Red blood cells: Centerpiece in the evolution of the vertebrate circulatory system

American Zoologist, Apr 1999 by Snyder, Gregory K, Sheafor, Brandon A

Red Blood Cells: Centerpiece in the Evolution of the Vertebrate

Circulatory System1

SYNOPSIS. All vertebrates except cold-water ice fish transport oxygen via hemoglobin packaged in red blood cells (RBCs). Vertebrate RBCs vary in size by thirtyfold. Differences in RBC size have been known for over a century, but the functional significance of RBC size remains unknown. One hypothesis is that large RBCs are a primitive character. Agnathans have larger RBCs than do mammals. However, the largest RBCs are found in urodele amphibians which is inconsistent with the hypothesis that large RBCs are primitive. Another possibility is that small RBCs increase blood oxygen transport capacity. Blood hemoglobin concentration ([Hb]) and mean RBC hemoglobin concentration (MCHC) increase from Agnatha to birds and mammals. However, the changes in [Hb] and MCHC do not parallel changes in RBC size. In addition, RBC size does not affect blood viscosity. Thus, there is no clear link between RBC size and oxygen transport capacity. We hypothesize that RBC size attends changes in capillary diameter. This hypothesis is based on the following observations. First, RBC width averages 25% larger than capillary diameter which insures cell deformation during capillary flow. Functionally, RBC deformation minimizes diffusion limitations to gas exchange. Second, smaller capillaries are associated with increased potential for diffusive gas exchange. However, smaller capillaries result in higher resistances to blood flow which requires higher blood pressures. We propose that the large capillary diameters and large RBCs in urodeles reflect the evolutionary development of a pulmonary vascular supply. The large capillaries reduced systemic vascular resistances enabling a single ventricular heart to supply blood to two vascular circuits, systemic and pulmonary, without developing high pressures on the pulmonary side. The large RBCs preserved diffusive gas exchange efficiency in the large capillaries.

INTRODUCTION

Hemoglobins were the first of the oxygen carriers (Mangum, 1992). They are the most widely distributed of the respiratory pigments and may be found in cells (the tissue hemoglobins) or circulating in one or more fluid compartments. Tissue hemoglobins have a single polypeptide chain with a core structure that appears to be ubiquitous in all but the archebacteria (Wittenberg, 1992). Circulating hemoglobins are derived from tissue hemoglobins and generally have multiple polypeptide chains. Circulating hemoglobins may occur in solution or they may be packaged in red blood cells (Snyder, 1992). Often overlooked is the fact that red blood cells (RBCs) are found in seven phyla and they seem to have appeared very shortly after the first circulating body fluids evolved (Mangum, 1992). Hemoglobin appears to have arisen only once. However, the RBCs that carry the respiratory pigment may have arisen once or multiple times.

With one major exception (Ruud, 1954), all vertebrates have circulating hemoglobins packaged in RBCs. The vertebrate RBCs vary tremendously in size. At one extreme, RBCs of the mouse deer (Order Artiodactyla) are approximately spherical and average 2 (mu)m in diameter (Snyder and Weathers, 1977). At the other extreme, RBCs of the amphibian Amphiuma (Order Caudata) are biconvex oval discs with dimensions around 66 (mu)m by 37 (mu)m diameter and 15 (mu)m at the greatest thickness (Wintrobe, 1933; Chien et al., 1971). The presence of RBCs in the vertebrate circulation was described over 300 years ago by Antonie van Leeuwenhoek (Dobell, 1932; Schierbeek, 1959) and the tremendous range in RBC size was described over 150 years ago (Gulliver, 1870; see also Wintrobe, 1933). Since these early descriptions there has been considerable interest in the structural and functional characteristics of vertebrate RBCs. However, the significance of the variation in RBC size remains enigmatic.

Few studies have attempted to make broad surveys of RBC size in the vertebrates.
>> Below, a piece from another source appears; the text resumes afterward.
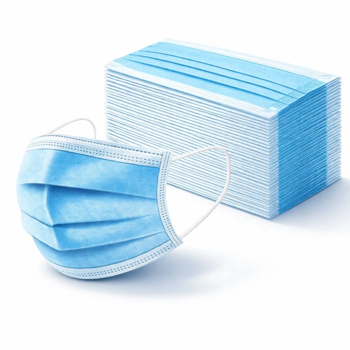 Mascarillas de protección facial con diseño de tres pliegues. Ajuste mediante dos bandas elásticas y un clip nasal.

However, sufficient information is now available to provide a reasonable summary of the trends. In Table 1 we show averages for RBC size and selected blood characteristics by class, and the number of species in each class for which data are available. We feel that this information is important because it should demonstrate major trends in RBC size for the major vertebrate taxa. Obviously, hidden in this approach are variations on the general scheme which often provide important insights into the adaptive significance of any character. We will deal with these more specific variations after looking at the broader aspects of RBC size.
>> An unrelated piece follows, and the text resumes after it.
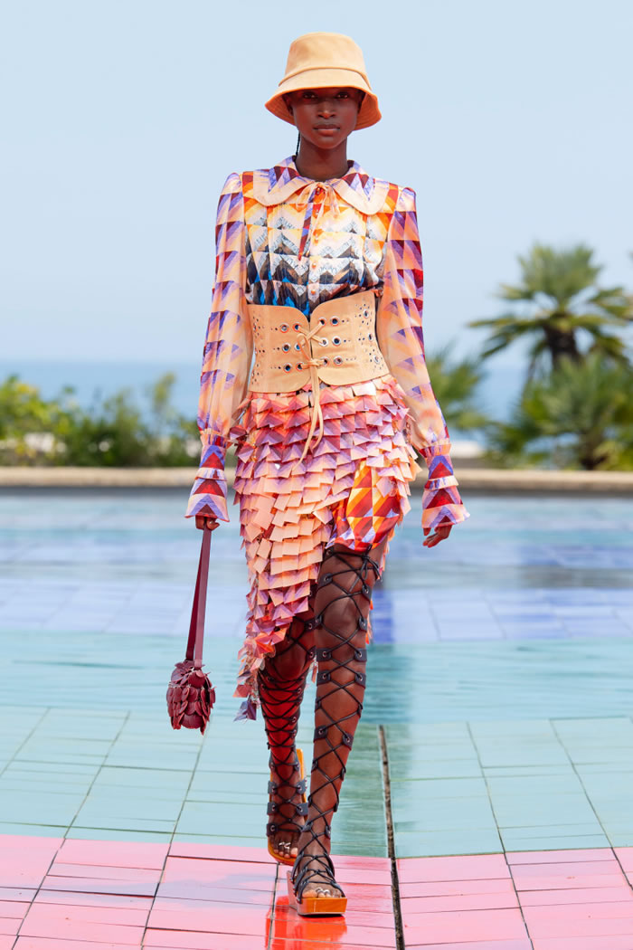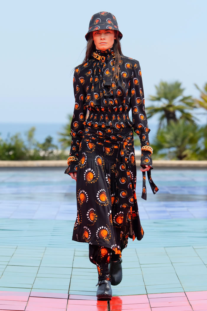 Topping off the looks were tasseled caps, bucket hats, and scarves, sometimes with fringes covering the face. And he plucked clogs and chunky sandals from the archives, brushing them up for a contemporary audience.

A number of trends are obvious from the data in Table 1. First, the vertebrates that appeared first have larger RBCs than do the birds and mammals. But, by far the largest RBCs are found in the Amphibia. The only other vertebrate with large RBCs is the lungfish. A more subtle, but obvious, change is a reduction in RBC size from Agnatha to Osteichthyes and again from Amphibia to Mammalia (Table 1).